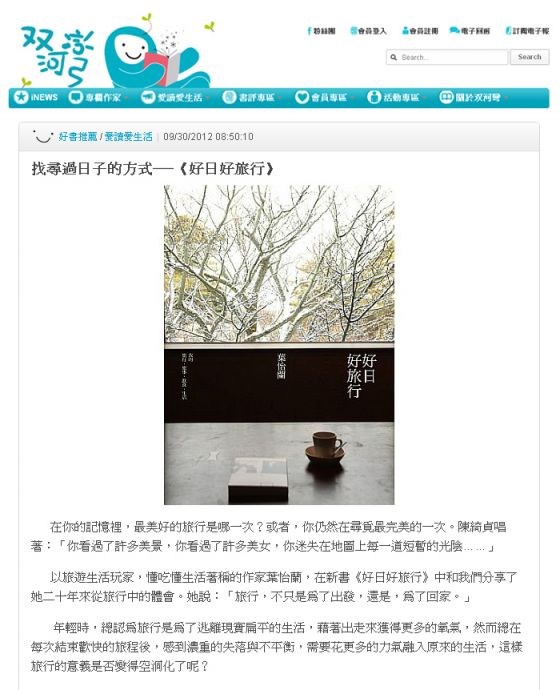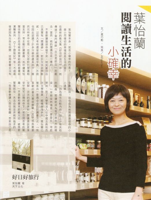 葉怡蘭本身,就是小確幸的代表。微小而確切的幸福就是生活的當下,在最新的散文集《好日好旅行》中,她傳達了雲門禪師「日日是好日」的概念,當然,她的閱讀也是一樣的……
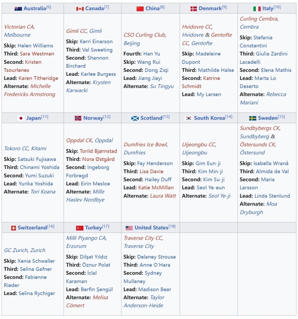 不过,因为对于相当一部分协会来说,冬奥会和世锦赛是两场不同的选拔赛,因此加拿大、日本、苏格兰(英国)、瑞典、瑞士、美国这六支队伍都是没有参加冬奥会,但世锦赛选拔胜出的队伍。
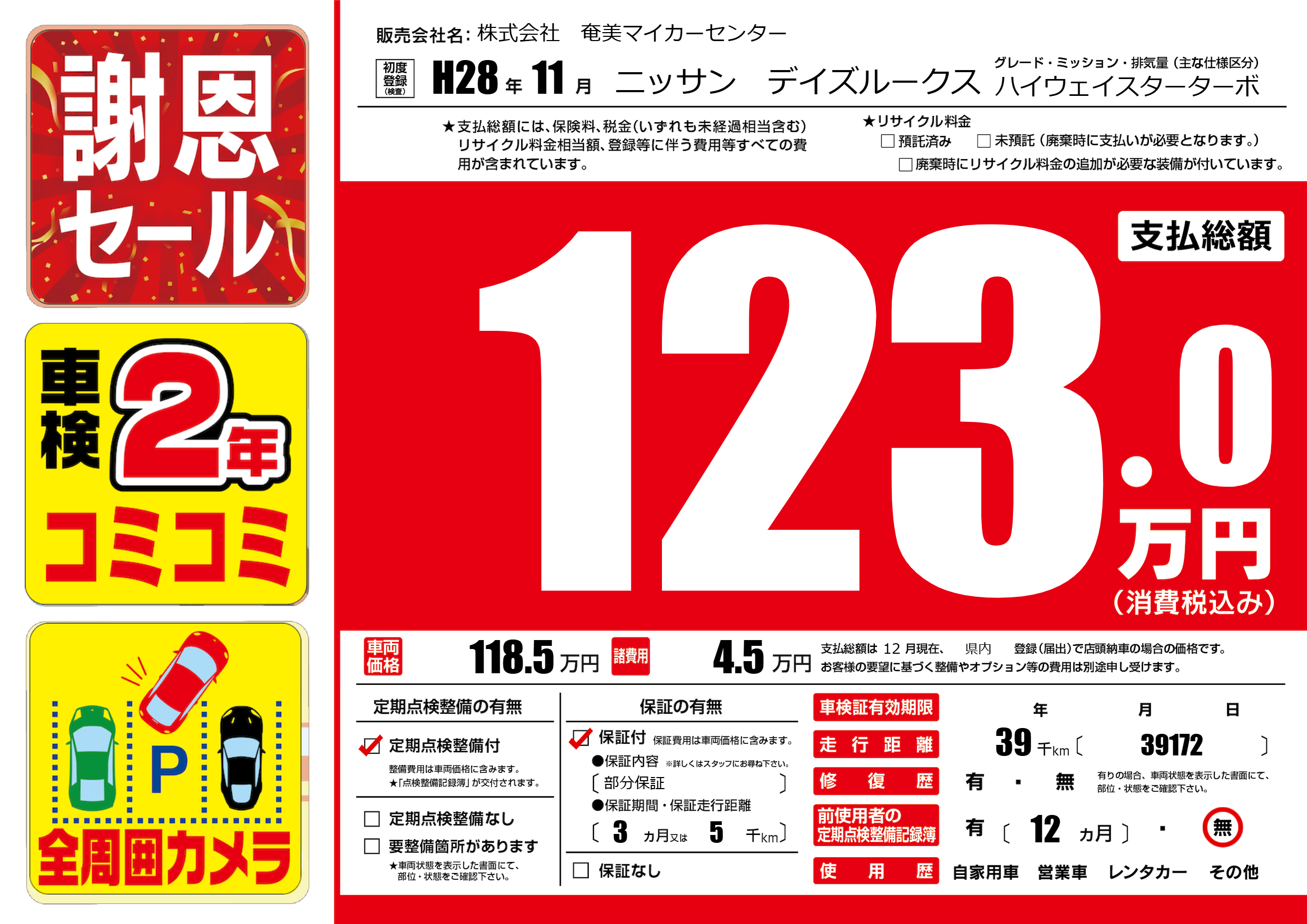 | 走行キロ | 3.9万km | 初年度登録 | H28年11月 |
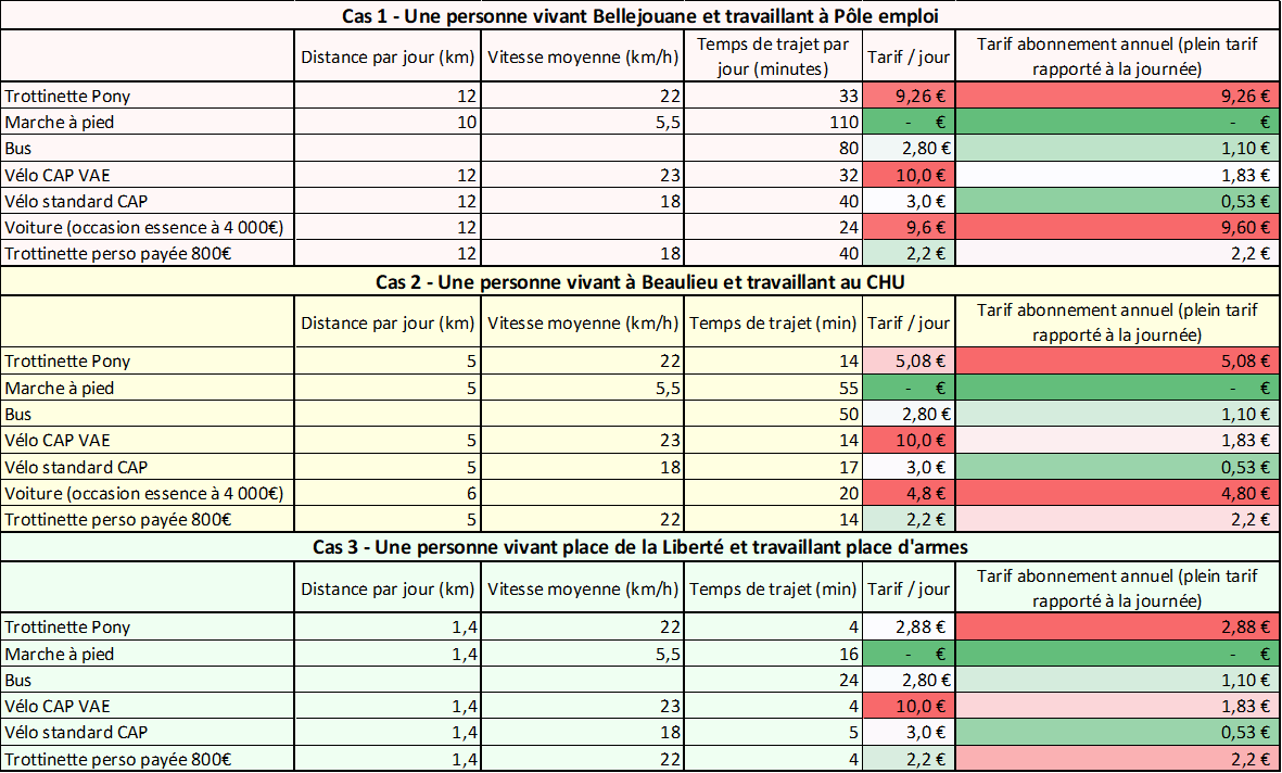 Vous l’aurez compris, cette enquête révèle que ce service de trottinette en libre-service (qui n’a de libre que le nom puisque les tarifs sont exorbitants !!) est un « service » qui a une utilité toute relative. En effet, Poitiers et Grand Poitiers offrent déjà des alternatives via les vélos CAP ou aux bus Vitalis qui seront presque toujours moins chères à la journée et toujours moins chères lorsque vous prendre un abonnement annuel. Pour résumer la situation, Crash Investigation a réalisé le tableau suivant, présentant la situation de 3 personnes fictives qui ne vivent que pour travailler et sans loisirs, ne sortant de chez elles que pour aller au travail. L’hypothèse pour la voiture, est une voiture essence achetée à 4000€ d’occasion, une assurance auto à 20€ par mois et des frais d’entretien classiques, avec une durée de vie pour la voiture estimée à 5 ans seulement et un prix de l’essence à 1€90 le litre de SP95. Les projections de Crash Investigation nous permettent donc de voir que dans les 3 scénarios envisagés ici, la trottinette de Pony est toujours ou presque la solution la plus chère, même avoir une voiture est moins cher…

▶ Task brief
Set down the material above exactly as it reads, but not its pictures.

▶ Result of the task
 葉怡蘭本身,就是小確幸的代表。微小而確切的幸福就是生活的當下,在最新的散文集《好日好旅行》中,她傳達了雲門禪師「日日是好日」的概念,當然,她的閱讀也是一樣的……
 不过,因为对于相当一部分协会来说,冬奥会和世锦赛是两场不同的选拔赛,因此加拿大、日本、苏格兰(英国)、瑞典、瑞士、美国这六支队伍都是没有参加冬奥会,但世锦赛选拔胜出的队伍。
 | 走行キロ | 3.9万km | 初年度登録 | H28年11月 |
 Vous l’aurez compris, cette enquête révèle que ce service de trottinette en libre-service (qui n’a de libre que le nom puisque les tarifs sont exorbitants !!) est un « service » qui a une utilité toute relative. En effet, Poitiers et Grand Poitiers offrent déjà des alternatives via les vélos CAP ou aux bus Vitalis qui seront presque toujours moins chères à la journée et toujours moins chères lorsque vous prendre un abonnement annuel. Pour résumer la situation, Crash Investigation a réalisé le tableau suivant, présentant la situation de 3 personnes fictives qui ne vivent que pour travailler et sans loisirs, ne sortant de chez elles que pour aller au travail. L’hypothèse pour la voiture, est une voiture essence achetée à 4000€ d’occasion, une assurance auto à 20€ par mois et des frais d’entretien classiques, avec une durée de vie pour la voiture estimée à 5 ans seulement et un prix de l’essence à 1€90 le litre de SP95. Les projections de Crash Investigation nous permettent donc de voir que dans les 3 scénarios envisagés ici, la trottinette de Pony est toujours ou presque la solution la plus chère, même avoir une voiture est moins cher…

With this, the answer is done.